- WORK ITEM
Drop the pictures and extract exactly the lines from the one that contains "中国侨网12月4日电 据中国" through the end of the material.

- DATA EXCERPT
□ □ □ □ □

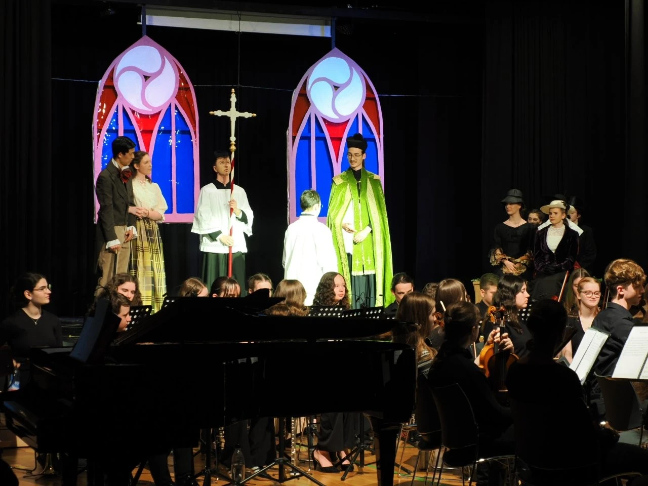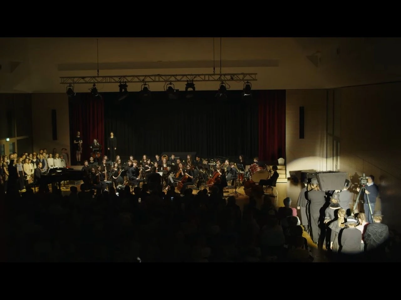 Die organisatorischen, kreativen und inhaltlichen Fäden liefen bei Felia Conrad zusammen, die auch das Skript schrieb und mit Clara Kachel voller Ideen, sehr versiert und mit viel Herzblut Regie führte. Darüber hinaus waren viele Schüler, Lehrer und Altsasbacher beteiligt, die Kostüm-, Bühnenbild- und Veranstaltungstechnik-AG´s, der Jugendchor (Leitung Christine Alshut) und besonders das Sinfonieorchester, das den Hauptpart spielte und dazu sein breites Repertoire an Möglichkeiten mit Werken von Bizet, Schubert und Grieg präsentierte. Diese waren so ausgewählt, um die Zeit von Franz Xaver Lender (1830 – 1913) zum Klingen zu bringen und etwa mit dem „Heckerlied“ der 1848er Revolutionäre und dem „Badnerlied“ im Landtages auch deutlich zu machen, dass Lendermusiker auch Qualitäten als Männerchor und Blasorchester haben. So war die Musik das leitende Element des Projektes und des glänzend disponierten Orchesters, das bei den „Carmen-Suiten“ das imposante Klangbild eines sinfonischen Orchesters darbot und bei dem „Ave Maria“ (Solistin Nora Kromer) mit dem Jugendchor sehr einfühlsam die Trauer über den Tod Lenders einfing. Herzbewegend war die Szene mit der Aufnahme der Kinder in das von Lender gegründete Waisenhaus, als der Jugendchor Lieder aus dem Film „Die Kinder des Monsieur Mathieu“ sang, denen der Lehrer im Film wie Lender in Schwarzach ein würdevolles Leben eröffnete. Dieser unermüdliche Einsatz Lenders für Kinder, Bildung, Gerechtigkeit und Lebenschancen wurde entlang des Stückes sehr gut inszeniert und mit Zeitzeugen und Fotos unterlegt, bevor der rasante „Can Can“ vom Jaques Offenbach mit groovy Techno-Sound das 150. Jubiläum einläutete und Musiker, Schauspieler und Gäste fröhlich tanzte.
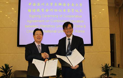 中国侨网12月4日电 据中国华文教育网消息,日前,国侨办华文教育基地——ac米兰官网中文网站党委书记陈福生、校长蔡袁强分别会见了韩国全南大学校长池秉文一行3人。双方就加强合作达成多项共识,并签署了继续教育合作协议。
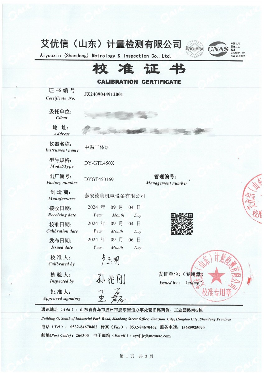 中溫干體(50~450℃)校準證書 2024-9-18 本文被閱讀 7027 次
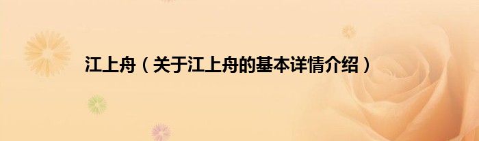本文关于江上舟的基本详情介绍就讲解完毕,希望对大家有所帮助。

□ □ □ □ □

- EXPECTED ANSWER
 中国侨网12月4日电 据中国华文教育网消息,日前,国侨办华文教育基地——ac米兰官网中文网站党委书记陈福生、校长蔡袁强分别会见了韩国全南大学校长池秉文一行3人。双方就加强合作达成多项共识,并签署了继续教育合作协议。
 中溫干體(50~450℃)校準證書 2024-9-18 本文被閱讀 7027 次
本文关于江上舟的基本详情介绍就讲解完毕,希望对大家有所帮助。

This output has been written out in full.